New York Mets
- Third baseman
- Born: November 4, 2002 (age 23) Mooresville, North Carolina, U.S.
- Bats: RightThrows: Right
- Stats at Baseball Reference

Career highlights and awards
- College World Series champion (2024);

= Billy Amick =

American baseball player (born 2002)

William Lyndon Amick (born November 4, 2002) is an American professional baseball third baseman in the New York Mets organization. He played college baseball for the Tennessee Volunteers and Clemson Tigers.

==Amateur career==
Amick attended P27 Academy in Lexington, South Carolina. He committed to Clemson University to play college baseball.

As a freshman at Clemson in 2022, Amick played in nine games and hit .105 over 19 at-bats. As a sophomore in 2023, he played in 46 games, hitting .413/.464/.773 with 13 home runs and 63 runs batted in (RBI) over 167 at-bats. After the 2023 season, he played collegiate summer baseball with the Hyannis Harbor Hawks of the Cape Cod Baseball League.

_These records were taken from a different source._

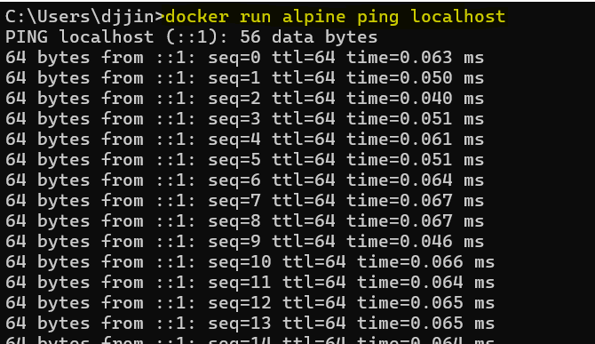 실행 중인 컨테이너에 명령어를 전달하기 위해 먼저, 첫 번째 터미널에서 컨테이너 하나를 실행한다.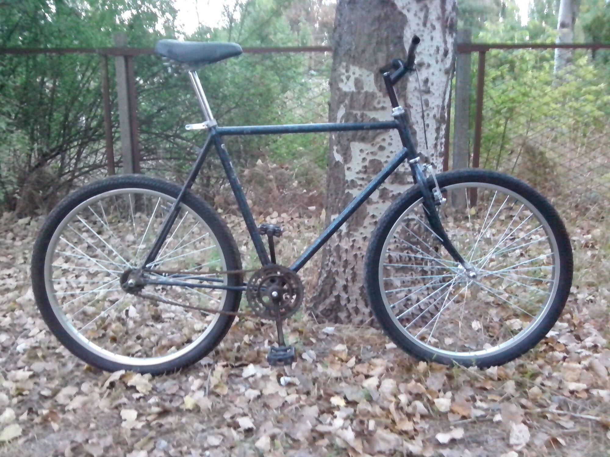 Дежурное седло тоже имеется с подседельным штырём. Руль - железная палка за 15 грн.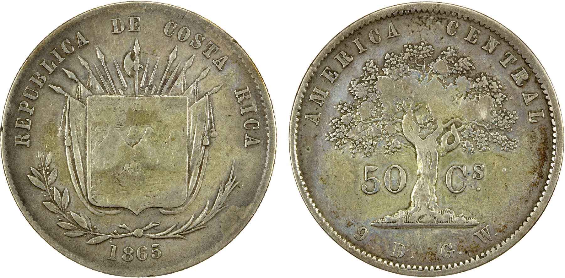 COSTA RICA: Republic, AR 50 centavos, 1865, KM-112, assayer GW, VF, ex Almer H. Orr III Collection.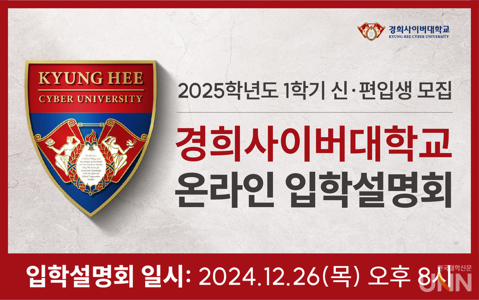 [한국대학신문 이정환 기자] 경희사이버대학교(총장 변창구)는 오는 26일(목) 오후 8시 2025학년도 1학기 온라인 입학설명회를 실시한다.

Prior to his junior season in 2024, Amick entered the transfer portal and transferred to the University of Tennessee. He entered the season as one of the top prospects for the 2024 Major League Baseball draft, and was the starting third baseman for the Tennessee team that won the 2024 Men's College World Series.

==Professional career==
Amick was drafted by the Minnesota Twins in the 2nd round, with the 60th overall selection, of the 2024 Major League Baseball draft. On July 24, 2024, Amick signed with the Twins on a $1.45 million contract.

On July 31, 2026, Amick and infielder Bruin Agbayani were traded to the New York Mets in exchange for pitcher A. J. Minter.

==Personal life==
Amick is the son of former NASCAR driver Lyndon Amick.